▸ **Your goal**
Down to the last line, set down the material below exactly; skip the pictures.

▸ **Data excerpt**
++++

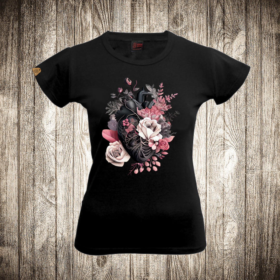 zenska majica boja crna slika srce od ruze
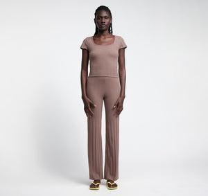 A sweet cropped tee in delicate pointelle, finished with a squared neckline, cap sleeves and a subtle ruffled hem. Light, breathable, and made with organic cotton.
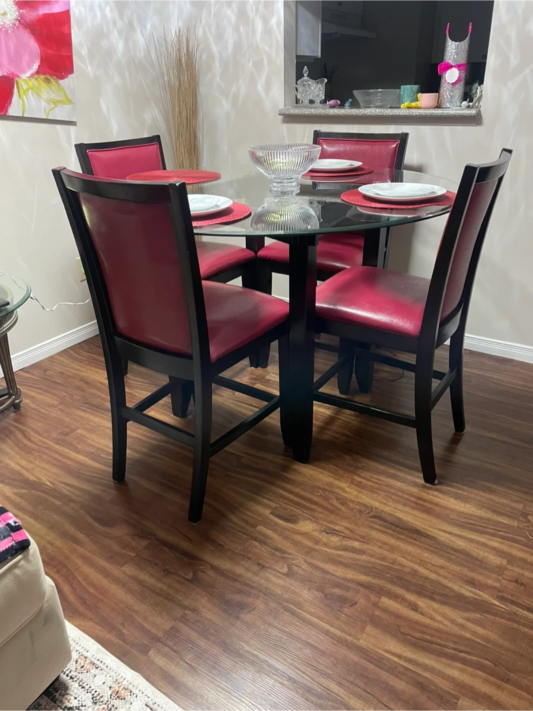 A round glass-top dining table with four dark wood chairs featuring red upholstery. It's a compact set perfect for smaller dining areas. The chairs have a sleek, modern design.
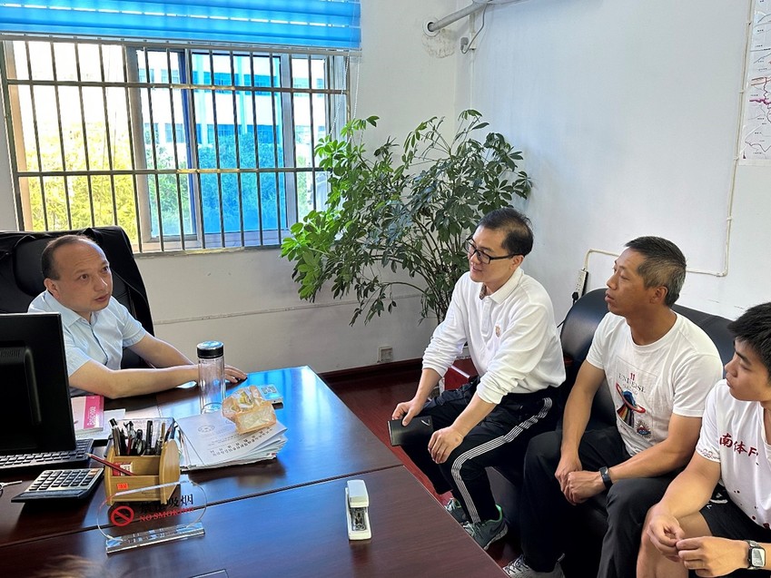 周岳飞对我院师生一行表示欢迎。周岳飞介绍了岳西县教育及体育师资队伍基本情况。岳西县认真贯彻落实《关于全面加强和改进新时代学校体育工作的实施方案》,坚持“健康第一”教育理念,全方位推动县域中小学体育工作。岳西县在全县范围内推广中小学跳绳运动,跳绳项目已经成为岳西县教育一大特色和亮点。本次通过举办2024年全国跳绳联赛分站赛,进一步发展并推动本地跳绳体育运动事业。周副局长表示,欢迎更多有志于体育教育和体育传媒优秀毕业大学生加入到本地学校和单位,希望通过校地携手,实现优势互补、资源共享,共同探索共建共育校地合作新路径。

++++

▸ **Answer to the problem**
 zenska majica boja crna slika srce od ruze
 A sweet cropped tee in delicate pointelle, finished with a squared neckline, cap sleeves and a subtle ruffled hem. Light, breathable, and made with organic cotton.
 A round glass-top dining table with four dark wood chairs featuring red upholstery. It's a compact set perfect for smaller dining areas. The chairs have a sleek, modern design.
 周岳飞对我院师生一行表示欢迎。周岳飞介绍了岳西县教育及体育师资队伍基本情况。岳西县认真贯彻落实《关于全面加强和改进新时代学校体育工作的实施方案》,坚持“健康第一”教育理念,全方位推动县域中小学体育工作。岳西县在全县范围内推广中小学跳绳运动,跳绳项目已经成为岳西县教育一大特色和亮点。本次通过举办2024年全国跳绳联赛分站赛,进一步发展并推动本地跳绳体育运动事业。周副局长表示,欢迎更多有志于体育教育和体育传媒优秀毕业大学生加入到本地学校和单位,希望通过校地携手,实现优势互补、资源共享,共同探索共建共育校地合作新路径。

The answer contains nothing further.